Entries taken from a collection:
——————————
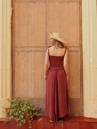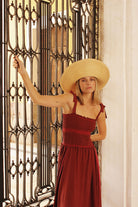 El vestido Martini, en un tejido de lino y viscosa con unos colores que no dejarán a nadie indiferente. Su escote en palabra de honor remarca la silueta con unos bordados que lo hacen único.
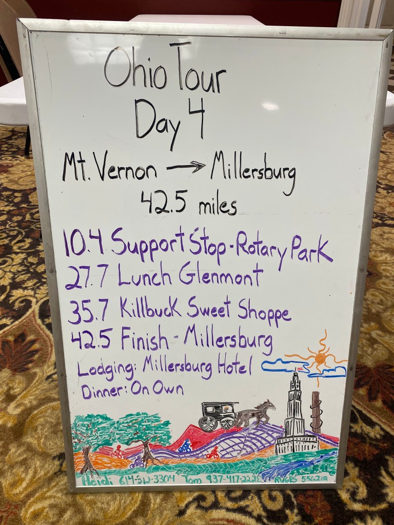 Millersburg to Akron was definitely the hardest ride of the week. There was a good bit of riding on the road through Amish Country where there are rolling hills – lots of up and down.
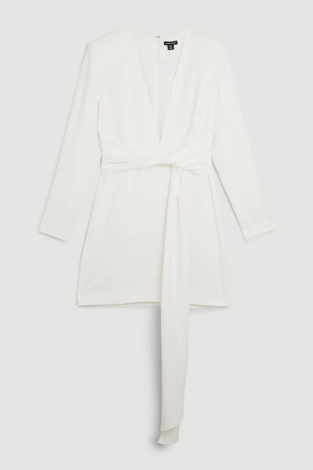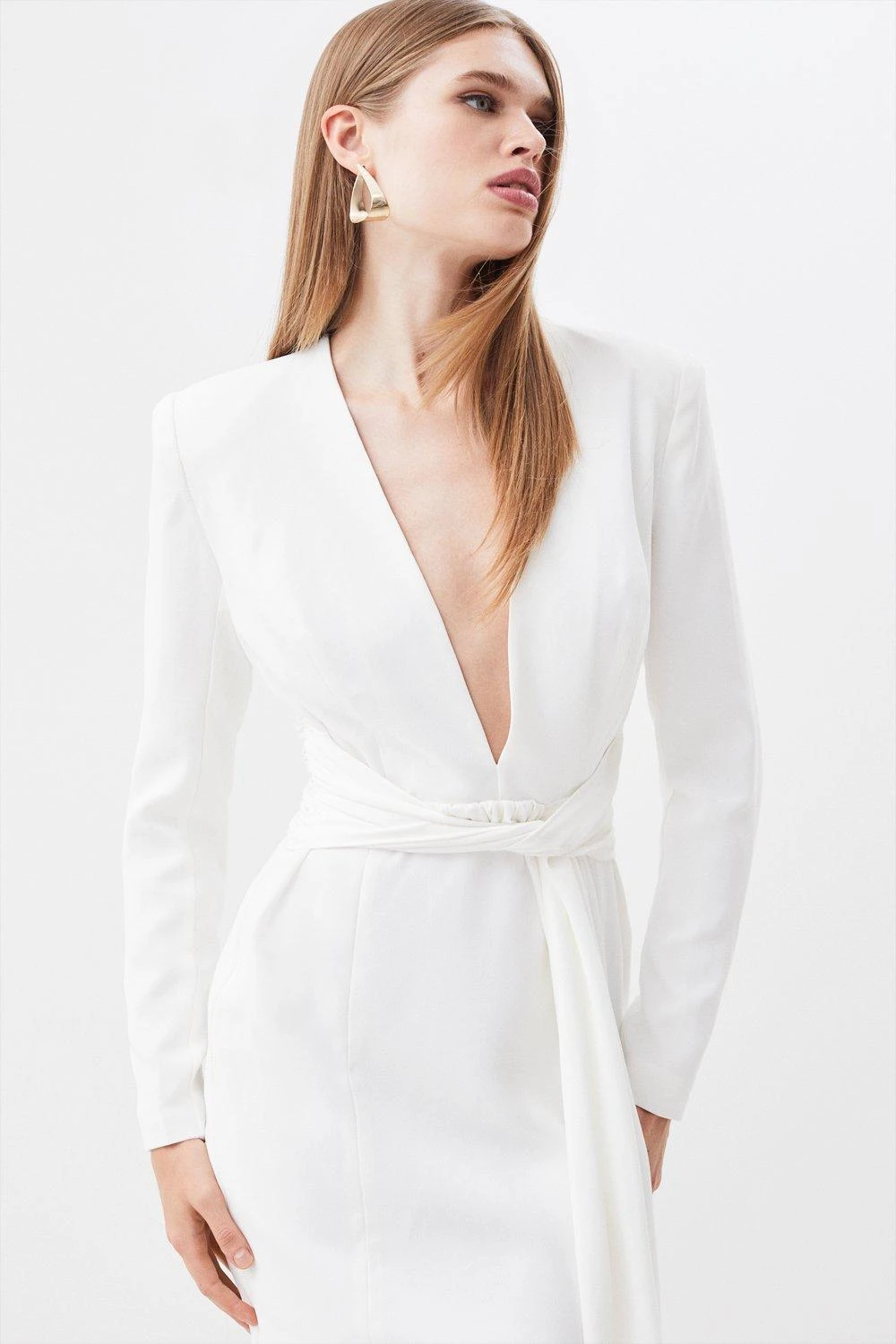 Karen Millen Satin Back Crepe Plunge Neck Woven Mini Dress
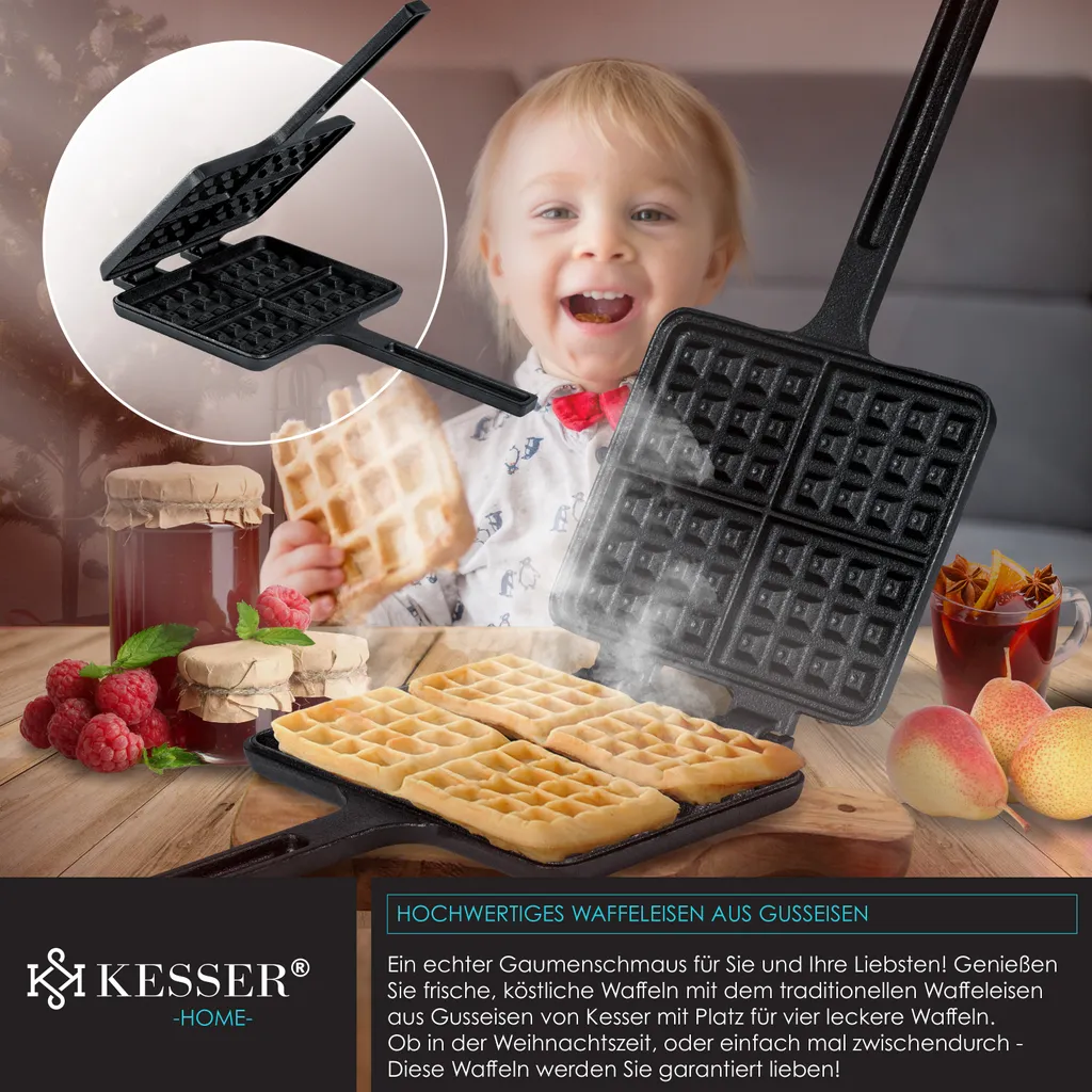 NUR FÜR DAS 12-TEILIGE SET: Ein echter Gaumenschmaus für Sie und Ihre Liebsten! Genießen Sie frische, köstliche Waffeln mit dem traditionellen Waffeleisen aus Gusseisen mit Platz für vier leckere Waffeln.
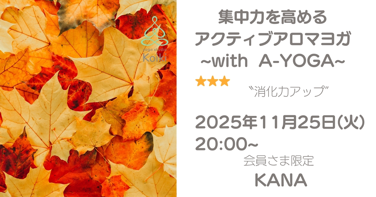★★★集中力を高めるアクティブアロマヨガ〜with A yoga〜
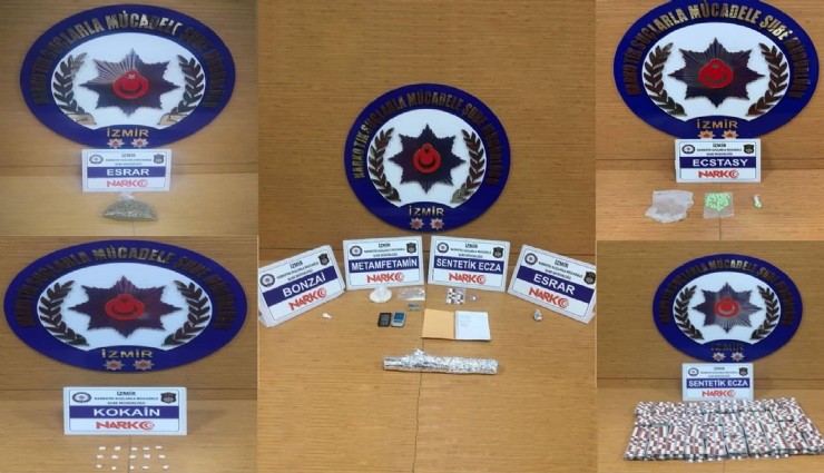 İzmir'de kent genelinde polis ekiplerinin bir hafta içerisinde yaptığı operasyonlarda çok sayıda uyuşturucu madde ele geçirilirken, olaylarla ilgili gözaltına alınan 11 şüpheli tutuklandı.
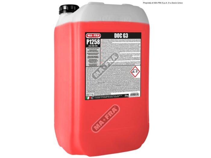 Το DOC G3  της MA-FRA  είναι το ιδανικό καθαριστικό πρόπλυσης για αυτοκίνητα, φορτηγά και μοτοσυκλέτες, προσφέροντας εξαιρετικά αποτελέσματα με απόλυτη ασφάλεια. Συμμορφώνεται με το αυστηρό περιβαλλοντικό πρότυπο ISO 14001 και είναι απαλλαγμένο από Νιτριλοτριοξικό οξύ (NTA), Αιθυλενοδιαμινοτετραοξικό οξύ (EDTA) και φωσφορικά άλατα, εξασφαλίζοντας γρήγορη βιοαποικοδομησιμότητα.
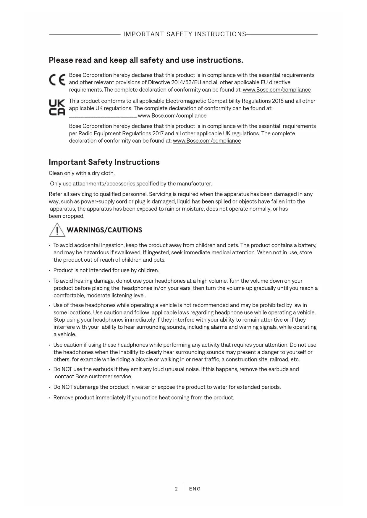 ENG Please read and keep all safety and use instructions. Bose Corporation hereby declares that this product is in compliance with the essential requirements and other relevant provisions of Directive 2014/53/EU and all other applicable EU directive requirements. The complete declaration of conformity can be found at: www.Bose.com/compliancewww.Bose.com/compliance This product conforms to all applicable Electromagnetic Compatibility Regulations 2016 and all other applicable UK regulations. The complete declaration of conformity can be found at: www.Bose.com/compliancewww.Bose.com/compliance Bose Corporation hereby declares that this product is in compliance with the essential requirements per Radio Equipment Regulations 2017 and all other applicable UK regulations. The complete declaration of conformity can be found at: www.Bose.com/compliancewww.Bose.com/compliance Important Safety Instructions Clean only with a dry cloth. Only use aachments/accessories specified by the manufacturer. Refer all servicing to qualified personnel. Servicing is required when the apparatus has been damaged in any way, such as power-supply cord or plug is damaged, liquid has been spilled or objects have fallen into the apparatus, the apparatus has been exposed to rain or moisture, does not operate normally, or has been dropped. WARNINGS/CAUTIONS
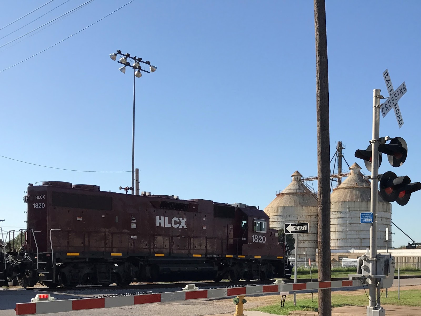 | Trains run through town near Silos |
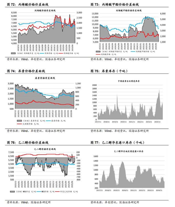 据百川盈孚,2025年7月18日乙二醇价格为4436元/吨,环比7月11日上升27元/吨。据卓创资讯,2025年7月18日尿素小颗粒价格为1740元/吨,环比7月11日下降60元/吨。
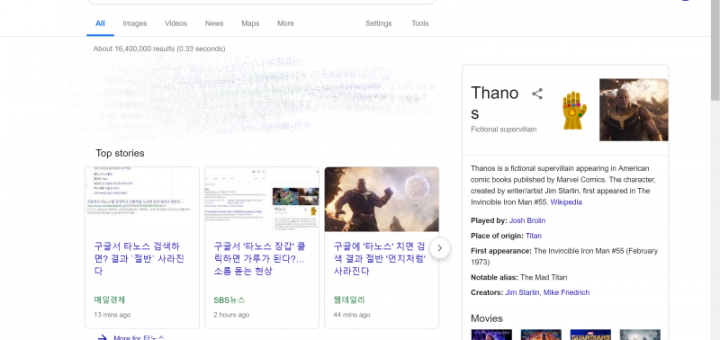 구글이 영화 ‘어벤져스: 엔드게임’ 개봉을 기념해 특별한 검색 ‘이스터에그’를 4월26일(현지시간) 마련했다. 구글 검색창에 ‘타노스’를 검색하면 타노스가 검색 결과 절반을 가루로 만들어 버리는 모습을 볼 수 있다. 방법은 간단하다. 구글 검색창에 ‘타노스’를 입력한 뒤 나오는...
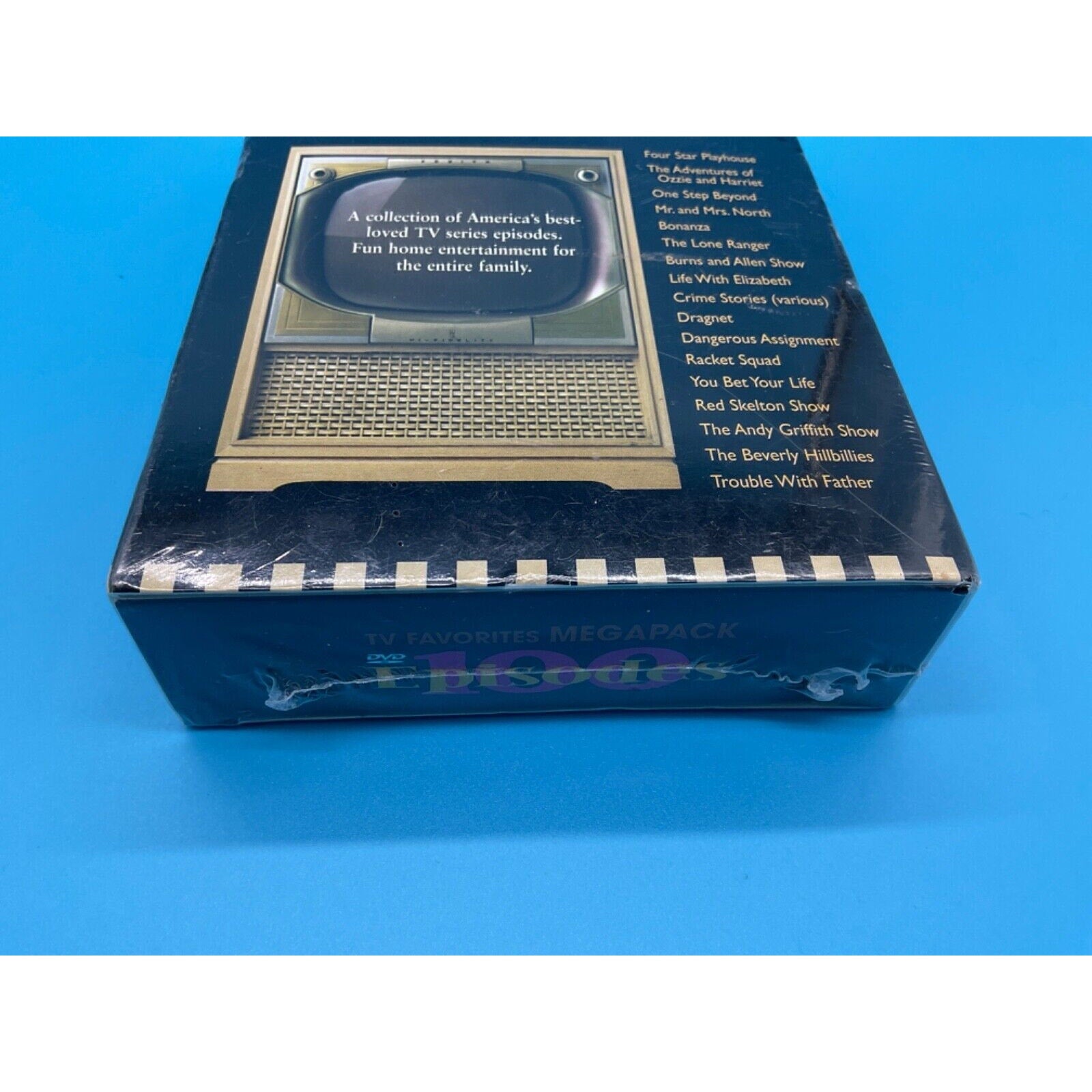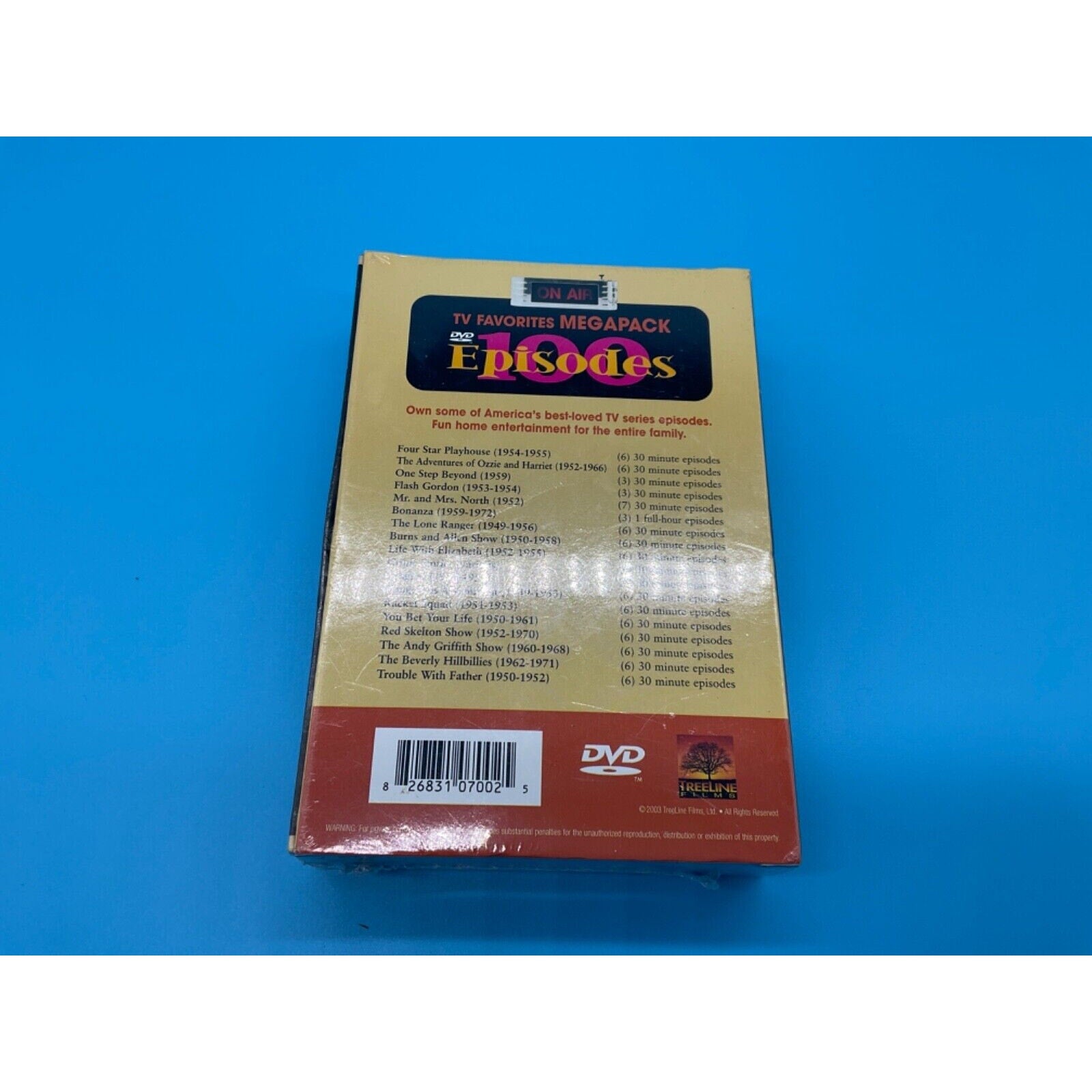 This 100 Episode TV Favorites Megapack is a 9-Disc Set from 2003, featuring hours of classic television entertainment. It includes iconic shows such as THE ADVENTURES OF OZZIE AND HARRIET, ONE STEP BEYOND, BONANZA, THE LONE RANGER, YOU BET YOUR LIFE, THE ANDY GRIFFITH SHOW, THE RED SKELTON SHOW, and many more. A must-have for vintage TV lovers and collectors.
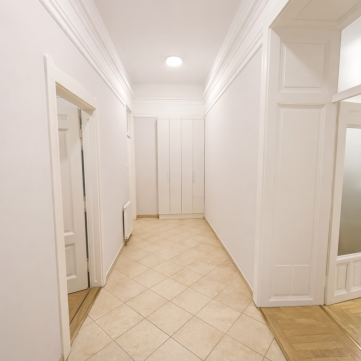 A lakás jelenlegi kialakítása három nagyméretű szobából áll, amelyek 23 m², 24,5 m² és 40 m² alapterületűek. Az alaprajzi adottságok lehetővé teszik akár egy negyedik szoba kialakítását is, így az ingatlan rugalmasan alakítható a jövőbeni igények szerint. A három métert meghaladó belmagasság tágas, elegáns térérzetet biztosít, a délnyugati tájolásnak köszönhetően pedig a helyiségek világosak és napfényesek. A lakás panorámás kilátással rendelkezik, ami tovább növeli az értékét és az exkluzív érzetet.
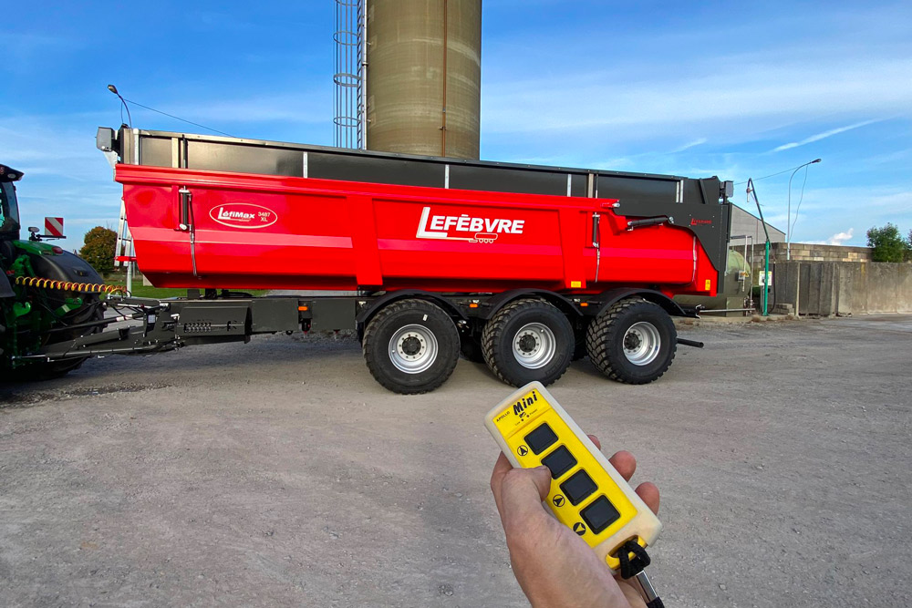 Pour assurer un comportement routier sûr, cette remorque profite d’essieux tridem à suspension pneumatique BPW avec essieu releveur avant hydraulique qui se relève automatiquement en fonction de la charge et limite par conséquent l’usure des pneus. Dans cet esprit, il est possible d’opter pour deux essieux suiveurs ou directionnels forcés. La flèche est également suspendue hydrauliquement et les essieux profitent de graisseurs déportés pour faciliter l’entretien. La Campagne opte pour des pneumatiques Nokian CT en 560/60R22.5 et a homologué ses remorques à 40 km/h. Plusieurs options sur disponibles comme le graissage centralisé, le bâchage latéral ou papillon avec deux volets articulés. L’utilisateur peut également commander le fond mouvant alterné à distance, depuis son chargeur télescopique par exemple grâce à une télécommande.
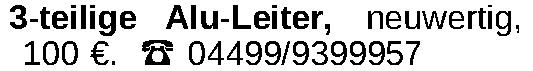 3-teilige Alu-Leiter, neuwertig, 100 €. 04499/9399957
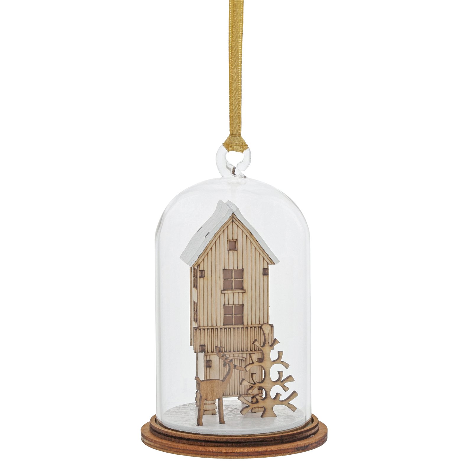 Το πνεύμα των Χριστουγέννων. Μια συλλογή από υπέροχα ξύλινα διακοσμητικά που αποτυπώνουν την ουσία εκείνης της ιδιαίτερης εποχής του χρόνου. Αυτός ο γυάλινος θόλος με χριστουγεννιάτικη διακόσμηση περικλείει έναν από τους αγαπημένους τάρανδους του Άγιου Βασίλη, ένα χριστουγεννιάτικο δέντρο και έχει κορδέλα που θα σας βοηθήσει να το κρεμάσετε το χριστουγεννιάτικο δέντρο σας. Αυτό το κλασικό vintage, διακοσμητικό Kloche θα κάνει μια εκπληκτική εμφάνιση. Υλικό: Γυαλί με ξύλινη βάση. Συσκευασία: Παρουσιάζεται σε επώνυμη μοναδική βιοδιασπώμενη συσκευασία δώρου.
——————————
• [Exercise goal]
Within the data above, repeat exactly the lines from the one bearing "NUR FÜR DAS" through the one bearing "İzmir'de kent genelinde". Include no pictures and nothing else.

• [Output of the exercise]
 NUR FÜR DAS 12-TEILIGE SET: Ein echter Gaumenschmaus für Sie und Ihre Liebsten! Genießen Sie frische, köstliche Waffeln mit dem traditionellen Waffeleisen aus Gusseisen mit Platz für vier leckere Waffeln.
★★★集中力を高めるアクティブアロマヨガ〜with A yoga〜
 İzmir'de kent genelinde polis ekiplerinin bir hafta içerisinde yaptığı operasyonlarda çok sayıda uyuşturucu madde ele geçirilirken, olaylarla ilgili gözaltına alınan 11 şüpheli tutuklandı.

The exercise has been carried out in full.